Directions for this task = Restate word for word the section of the entries that opens at the line containing "Whatever their primary" and closes at the line containing "飘窗无法敲除,所以直接定制5cm的乳胶坐垫,瞬间拥有家居休闲角。", both lines kept, pictures dropped.

*** Begin section ***

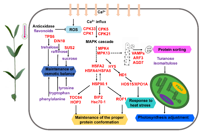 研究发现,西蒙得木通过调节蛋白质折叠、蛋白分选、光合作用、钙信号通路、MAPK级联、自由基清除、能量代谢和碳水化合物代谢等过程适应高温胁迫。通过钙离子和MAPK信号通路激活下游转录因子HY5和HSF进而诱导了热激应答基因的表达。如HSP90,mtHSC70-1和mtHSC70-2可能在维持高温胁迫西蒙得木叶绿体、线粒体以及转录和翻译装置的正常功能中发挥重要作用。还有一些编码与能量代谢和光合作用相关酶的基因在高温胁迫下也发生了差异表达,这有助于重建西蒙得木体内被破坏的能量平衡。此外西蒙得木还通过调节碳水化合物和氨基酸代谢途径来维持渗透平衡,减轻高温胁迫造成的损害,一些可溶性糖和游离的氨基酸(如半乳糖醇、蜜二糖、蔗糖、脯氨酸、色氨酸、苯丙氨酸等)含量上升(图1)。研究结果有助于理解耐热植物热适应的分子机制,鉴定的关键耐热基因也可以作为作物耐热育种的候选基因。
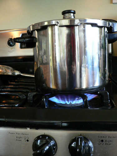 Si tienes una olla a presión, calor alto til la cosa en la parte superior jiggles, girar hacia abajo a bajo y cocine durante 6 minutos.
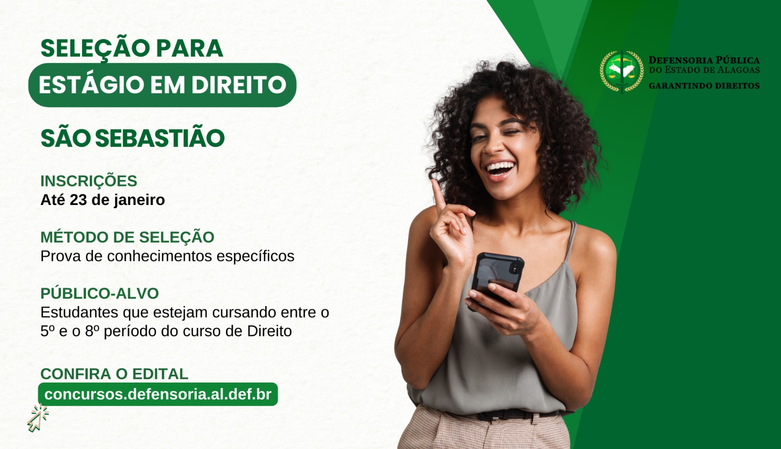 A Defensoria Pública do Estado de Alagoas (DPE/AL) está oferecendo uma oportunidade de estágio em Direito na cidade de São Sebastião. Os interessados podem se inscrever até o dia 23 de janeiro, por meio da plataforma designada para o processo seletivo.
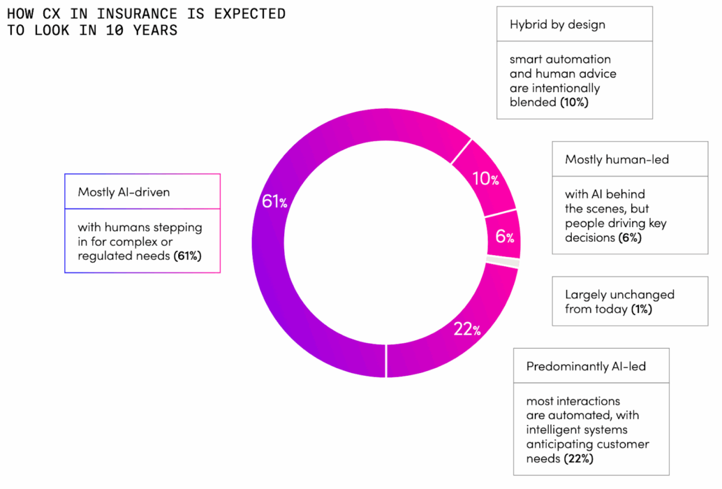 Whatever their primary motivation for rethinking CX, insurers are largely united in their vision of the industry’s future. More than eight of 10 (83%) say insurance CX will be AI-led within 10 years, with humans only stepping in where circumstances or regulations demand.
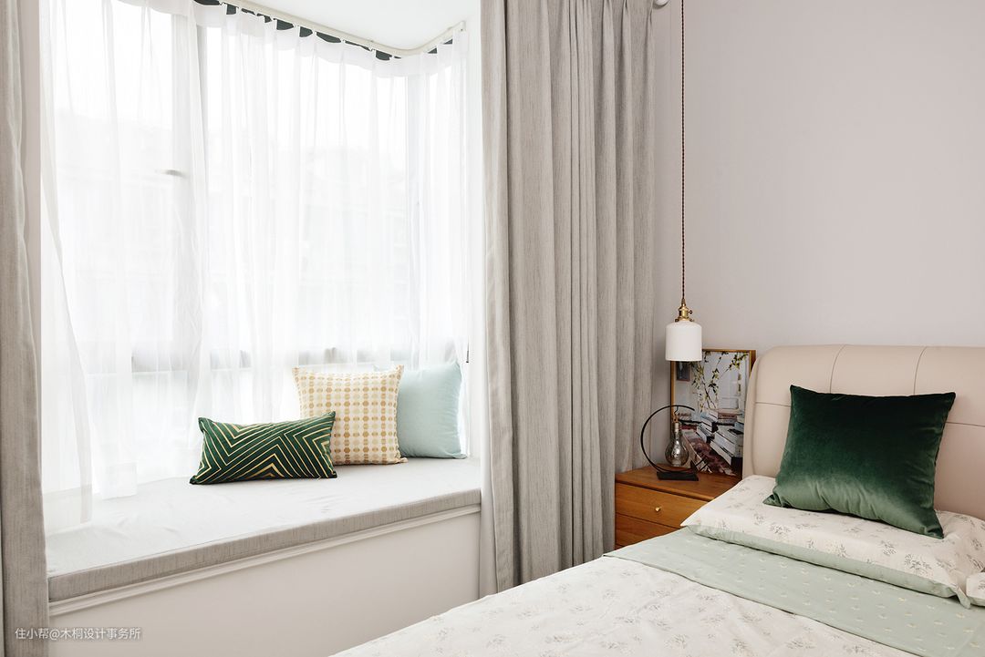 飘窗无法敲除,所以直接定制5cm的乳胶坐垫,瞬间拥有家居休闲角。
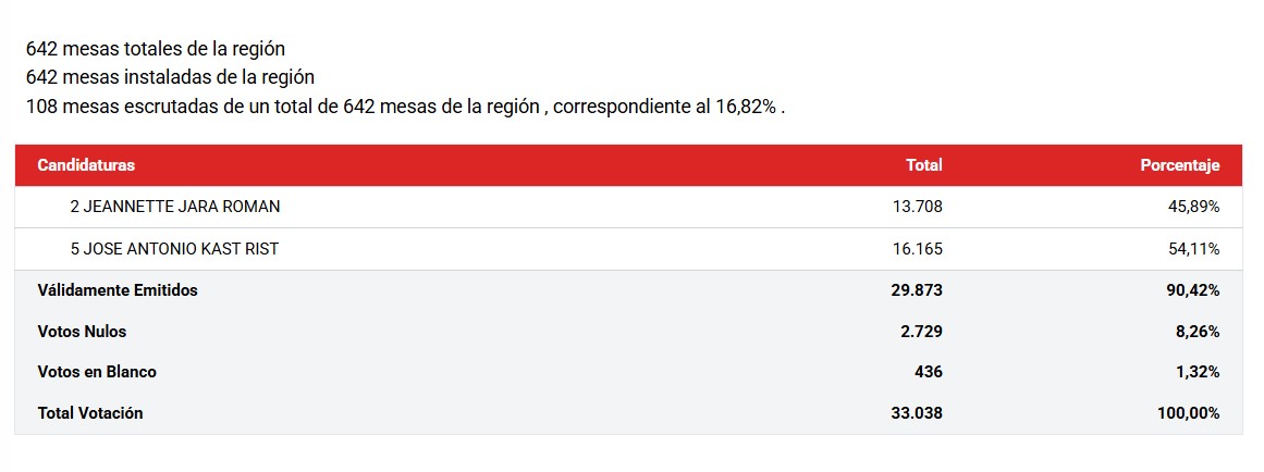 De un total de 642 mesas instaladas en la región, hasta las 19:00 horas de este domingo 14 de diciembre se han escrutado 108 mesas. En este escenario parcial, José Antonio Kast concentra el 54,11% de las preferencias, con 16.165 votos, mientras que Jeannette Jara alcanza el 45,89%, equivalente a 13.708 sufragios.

*** End section ***

Answer to the exercise =
 Whatever their primary motivation for rethinking CX, insurers are largely united in their vision of the industry’s future. More than eight of 10 (83%) say insurance CX will be AI-led within 10 years, with humans only stepping in where circumstances or regulations demand.
 飘窗无法敲除,所以直接定制5cm的乳胶坐垫,瞬间拥有家居休闲角。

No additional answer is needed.